Member of the National Assembly of Quebec for Crémazie
- In office 1994–1998
- Preceded by: André Vallerand
- Succeeded by: Manon Blanchet

Minister of Transport of Quebec
- In office November 3, 1995 – January 25, 1996
- Premier: Jacques Parizeau
- Preceded by: Jacques Brassard
- Succeeded by: Jacques Brassard

Minister of Finance of Quebec
- In office September 26, 1994 – November 3, 1995
- Premier: Jacques Parizeau
- Preceded by: André Bourbeau
- Succeeded by: Pauline Marois

Personal details
- Born: July 6, 1931 Montreal, Quebec, Canada
- Died: February 26, 2025 (aged 93) Montreal, Quebec, Canada
- Party: Parti Québécois
- Education: Collège Sainte-Marie, HEC Montréal
- Occupation: Businessman, Politician, Economist
- Awards: Grand Officer of the National Order of Quebec (1990)

= Jean Campeau =

Canadian politician (1931–2025)

Jean Campeau, (/fr/; July 6, 1931 – February 26, 2025) was a Canadian politician, economist, and business executive. He served as the minister of finance and minister of revenue of Quebec from 1994 to 1995 and later as Minister of Transport (Quebec) from 1995 to 1996. Prior to his political career, he was the president and CEO of the Caisse de dépôt et placement du Québec and held key positions in the financial sector.

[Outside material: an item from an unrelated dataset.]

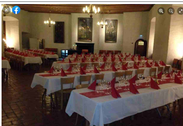
Pikkujoulu Västeråsin linnassa

Nämä joulunalusjuhlat ovat hyvää terapiaa ja rentoutusta sitä suurta juhlaa varten. Olemme jo monena vuonna valmistaneet laatikot, piiraat, tortut ym. Viimeisen kerran,... mutta..

==Early life and education==
Born in Montreal on July 6, 1931, Jean Campeau was the son of Elmira Campeau, a salesman, and Lucienne Leduc, a professor. He attended Collège Saint-Ignace and later earned a Bachelor of Arts degree from Collège Sainte-Marie de Montréal in 1952. In 1955, he obtained a licence in commercial sciences and pursued administrative studies at the École des hautes études commerciales de Paris. He also attended courses at the Association of Securities Brokers.

== Career ==

=== Finance and business ===
From 1955 to 1963, Jean Campeau worked as a securities broker for René T. Leclerc. He then served as president and CEO of Canada Flooring from 1963 to 1970. He joined the Ministry of Finance (Quebec) in 1971, where he was director of public debt management until 1977, and then served as assistant deputy minister of finance from 1977 to 1979.

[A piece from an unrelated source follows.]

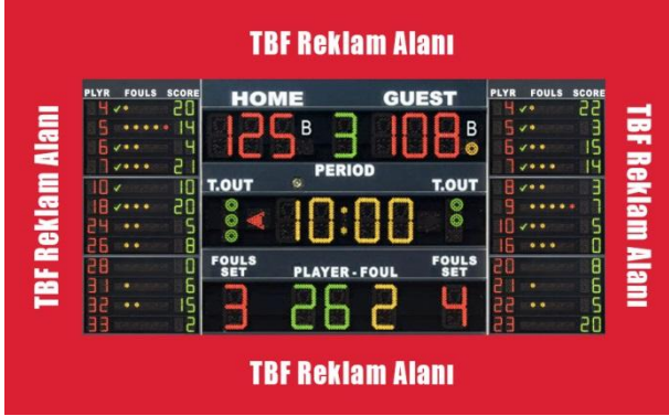
ÇİZİM - 5

logosu veya reklam yer alabilecektir. Bu alanda hangi logonun veya reklamın kullanılacağı TBF tarafından kulüplere bildirilecektir.

In 1980, he was appointed chairman of the board and CEO of the Caisse de dépôt et placement du Québec, a position he held until 1990. During his tenure, he played a key role in managing Quebec’s public funds and investments.

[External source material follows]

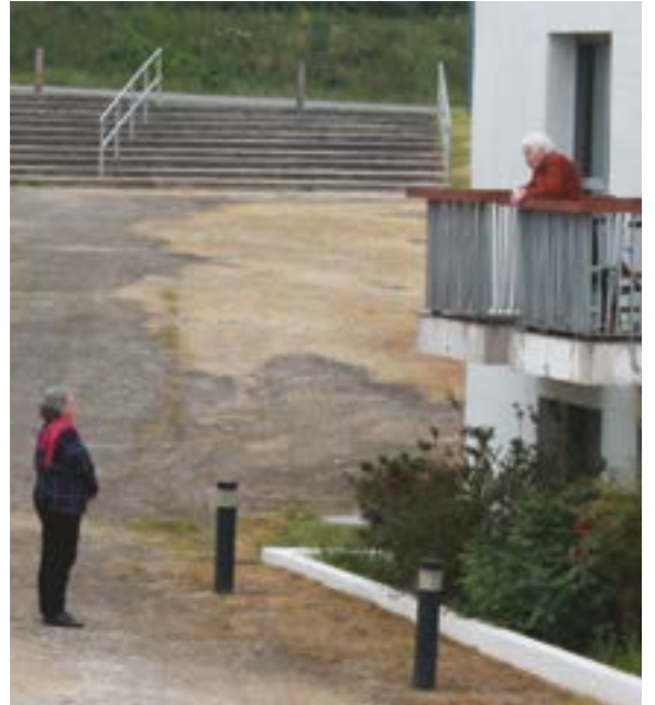
Les rendez vous au balcon à la résidence Les Collines

He later served as chairman of the board of Domtar (1990–1993) and Banque Nationale de Paris (Canada) (1991–1994). Additionally, he was a board member of several major companies, including Ouimet-Cordon Bleu, Fonds de solidarité des travailleurs du Québec, Groupe Transcontinental GTC, Provigo, and HEC Montréal.

== Politics ==
In 1990, Jean Campeau co-chaired the Commission on the Political and Constitutional Future of Quebec (the Bélanger-Campeau Commission), which explored Quebec’s political status within Canada.

He entered politics in 1994, being elected as a Member of the National Assembly of Quebec for the Parti Québécois in the riding of Crémazie. That same year, he was appointed Minister of Finance and Minister of Revenue in the government of Premier Jacques Parizeau, serving until November 3, 1995. Following a cabinet reshuffle, he was named Minister of Transport (Quebec), a role he held until January 25, 1996, when he resigned from his ministerial position. He did not seek re-election in 1998.

== Later years ==
From 2001 to 2007, Jean Campeau represented the Quebec government on the Board of Directors of the Port of Montreal.

== Death ==
Campeau died in February 2025 at the age of 93.

== Honours and legacy ==
In 1985, he was named honorary president of the 75th-anniversary celebrations of HEC Montreal. In 1990, he was awarded the title of Grand Officer of the National Order of Quebec one of the province’s highest honours.

In 1991 he was granted the Ordre du mérite by the Association des diplômés de l'Université de Montréal to honour a Université de Montréal graduate whose career has been particularly remarkable.